NaturalAntibody, Szczecin, Poland.
Discovery Data Science, Genmab, Copenhagen, Denmark.
MAbs. 2024 Jan-Dec;16(1):2361928. doi: 10.1080/19420862.2024.2361928. Epub 2024 Jun 6.
The naïve human antibody repertoire has theoretical access to an estimated > 10 antibodies. Identifying subsets of this prohibitively large space where therapeutically relevant antibodies may be found is useful for development of these agents. It was previously demonstrated that, despite the immense sequence space, different individuals can produce the same antibodies. It was also shown that therapeutic antibodies, which typically follow seemingly unnatural development processes, can arise independently naturally. To check for biases in how the sequence space is explored, we data mined public repositories to identify 220 bioprojects with a combined seven billion reads. Of these, we created a subset of human bioprojects that we make available as the AbNGS database (https://naturalantibody.com/ngs/). AbNGS contains 135 bioprojects with four billion productive human heavy variable region sequences and 385 million unique complementarity-determining region (CDR)-H3s. We find that 270,000 (0.07% of 385 million) unique CDR-H3s are highly public in that they occur in at least five of 135 bioprojects. Of 700 unique therapeutic CDR-H3, a total of 6% has direct matches in the small set of 270,000. This observation extends to a match between CDR-H3 and V-gene call as well. Thus, the subspace of shared ('public') CDR-H3s shows utility for serving as a starting point for therapeutic antibody design.
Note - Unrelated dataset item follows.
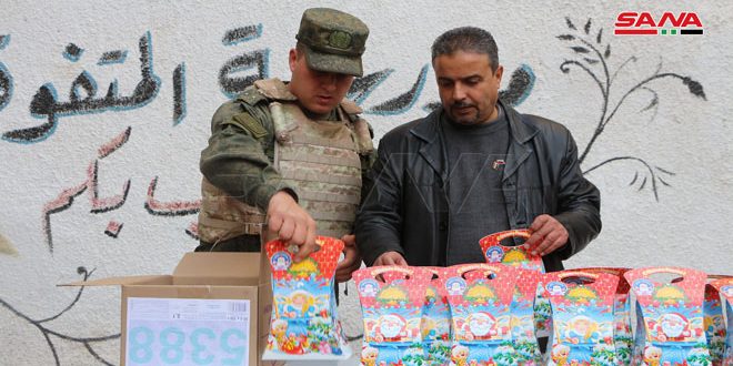 وأوضحت مدرسة اللغة الروسية في مدرسة الشهيد اسماعيل أبو نبوت يارا محمود أن الهدايا تأتي بمناسبة أعياد الميلاد مشيرة إلى تقديم الطالبات الدارسات للغة الروسية في مدارس درعا فقرات فنية وشعرية باللغة الروسية أكدن من خلالها عمق علاقات الصداقة السورية الروسية.

人类幼稚抗体库理论上可以接触到估计超过 10 亿种抗体。识别出这个庞大空间中的亚群,其中可能存在有治疗意义的抗体,这对于这些药物的开发很有用。先前已经证明,尽管序列空间巨大,但不同的个体可以产生相同的抗体。也表明,尽管治疗性抗体通常遵循看似非自然的开发过程,但它们可以自然独立地产生。为了检查序列空间的探索是否存在偏差,我们从公共存储库中挖掘数据,以确定 220 个生物项目,共有 70 亿个读数。在这些项目中,我们创建了一个人类生物项目子集,我们将其作为 AbNGS 数据库(https://naturalantibody.com/ngs/)提供。AbNGS 包含 135 个生物项目,其中包含 40 亿个人类重链可变区序列和 3.85 亿个独特的互补决定区(CDR)-H3。我们发现,27 万(3850 万的 0.07%)个独特的 CDR-H3 在至少 135 个生物项目中的 5 个以上高度公开。在 700 个独特的治疗性 CDR-H3 中,共有 6%在这 27 万的小集中有直接匹配。这一观察结果也扩展到了 CDR-H3 和 V 基因调用之间的匹配。因此,共享(“公共”)CDR-H3 的子空间对于作为治疗性抗体设计的起点很有用。